Another race is the Men´s one on heavy six-oared “caorline”, river-transportation boats almost out of use nowadays, that were often furnishened with a sail while travelling through the lagoon.

To these are added the 8-oar galleons in which the young crews of the University of Cà Foscari and a foreign university challenge each other.
All boats are identified with a color, representing the six Sesteri of Venice and the islands of the Lagoon: white, canarin yellow, violet, light blue, red, green, orange, pink and brown.
Once the races were open to the citizens of all the Serenissima Republic possessions while today only venetian rowers take part in them.
The climax of the Venice Historical Regatta is the champions’ race on two-oared gondolini, light boats shaped as a very slim gondola, also called “Ferrari of the lagoon” for their speed. Unlike the regattas on the most popular lagoon boats, these competitions exalt the rowers technical abilities.
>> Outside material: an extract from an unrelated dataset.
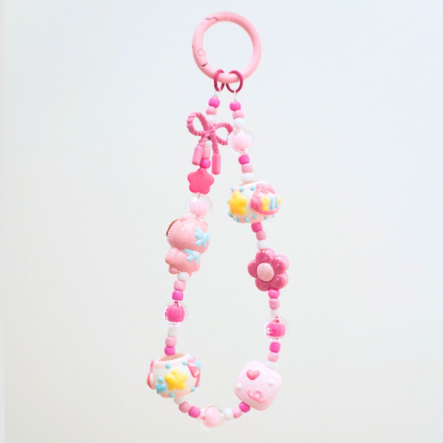 Designed in-house, this strap features an assortment of pastel pink beads, mini charms, and playful accents ā from bows to tiny figures and candy-inspired details. The soft pink tones blend perfectly for a dreamy, kawaii aesthetic that matches any phone case or accessory.

This is the challenge that is more waited for by rowers, the one that lights up the venetian fans and has been strengthening in time the myth of the Regata Storica from an agonistic point of view.
Winning in “Canalasso”, as locals call the Grand Canal, is still today the most aspired wish of every racer, besides being the forbidden dream of many Venetians.
The Venetian rowing is also an ancient family tradition that has been handed down from generation to generation to commemorate the practice of vogue over time: men and women who have made history and who become myths, and who deserve a special “coronation”. Thus the titles of king and queen of the oar are born, attributes to the rowers who won at least 5 consecutive races.

As the tradition goes, the winners in the challenges of the Venice Historical Regatta are awarded the red, white, green and blue flags, which are the awards that in Venice take the place of medals.
Until few years ago a little living pig would parade on a gondola for its own in the historical parade.
Curious fact, Its passing along the boats was like a thermometer of the Venetians feeling towards the city government: when it wasn’t satisfying, the pig would be acclaimed with whistles and screams such as: “Here´s the Mayor, long live the Mayor!“.
However, the pig ceremony has been abolished since few years ago after the protests of some animal protection Organizations.
The Historical Regatta is a free event that you can watch from the banks of the Grand Canal.